Friday, September 14, 2007

Blasphemous?

For those of you who have not been around Gwenie lately, she adores Dora the Explorer. Everything she does seems to mirror things that Dora does. She even uses "gracias" "de nada" "arriba" and "ayi esta!" (I know I spelled that wrong). Anyway, her bilingualness is pretty funny. And I feel like she is actually learning from Dora, not that it justifies how much she idolizes it, but still. . .

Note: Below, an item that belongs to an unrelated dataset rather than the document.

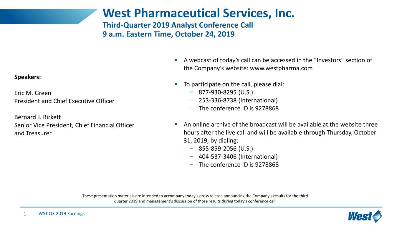 West Pharmaceutical Services, Inc. Third-Quarter 2019 Analyst Conference Call 9 a.m. Eastern Time, October 24, 2019 ▪ A webcast of today’s call can be accessed in the “Investors” section of the Company’s website: www.westpharma.com Speakers: ▪ To participate on the call, please dial: Eric M. Green − 877-930-8295 (U.S.) President and Chief Executive Officer − 253-336-8738 (International) − The conference ID is 9278868 Bernard J. Birkett Senior Vice President, Chief Financial Officer ▪ An online archive of the broadcast will be available at the website three and Treasurer hours after the live call and will be available through Thursday, October 31, 2019, by dialing: − 855-859-2056 (U.S.) − 404-537-3406 (International) − The conference ID is 9278868 These presentation materials are intended to accompany today’s press release announcing the Company’s results for the third- quarter 2019 and management’s discussion of those results during today’s conference call. 1 WST Q3 2019 Earnings

So the other day as she was wandering around completely unfocused while we were reading scriptures I had an idea. We are still in Nephi and reading about the Liahona. It occurred to me that the Liahona is a lot like "Map" on Dora. So I made up a song about it and sang it to Gwen (to the tune of the map song, "Who can help you say 'hey we figured out the way' what's my name? Liahona, say it again, Liahona!"), Gwen loved it! Then I summarized the journey that Nephi, Lehi and family were going on, in a song similar to a Dora song. Anytime Dora goes on an adventure the map gives her directions, usually in three steps and then sings about it. So it worked perfectly; instead of something like "pyramid, jungle, lost city!" it turned into "wilderness, ocean, prom-ised land!". So Gwen knows the story of Nephi a lot better now, but "B" kinda sees this as sacrilegious, or irreverent at best.

Anyway, it is just kind of funny and at least it kept her attention for a bit!

3 comments:

Sarah said...

I think that's great! I don't think it's blasphemous at all. It's all about finding a way to liken the scriptures, right?

Unknown said...

Great idea!

Eddie said...

Bad lyrics to hymn music is blasphemous. Church lyrics to pop music, like the soundtrack to Singles Ward or other Christian pop music, is better but not always uplifting. Church lyrics to fun songs that stick in your head for educational purposes is just fine, especially if it works. I had a greenie on my mission who couldn't stop singing "gentile" songs while we tracked. We finally decided that he could sing the music as long as he made up missionary lyrics to go with them. He took that and ran with it. Before long he had come up with lyrics to all his favorite songs with topics that ranged from teaching discussions to morning gospel study to memorizing scriptures to member missionary work. I.e. "Mommas, don't let your babies grow up to be gentiles!" We both got pretty into it and would practice while we walked along. Before long, we were getting "performance" requests at dinner appointments and district meetings. By the time I got transferred, neither one of us could even remember the original lyrics.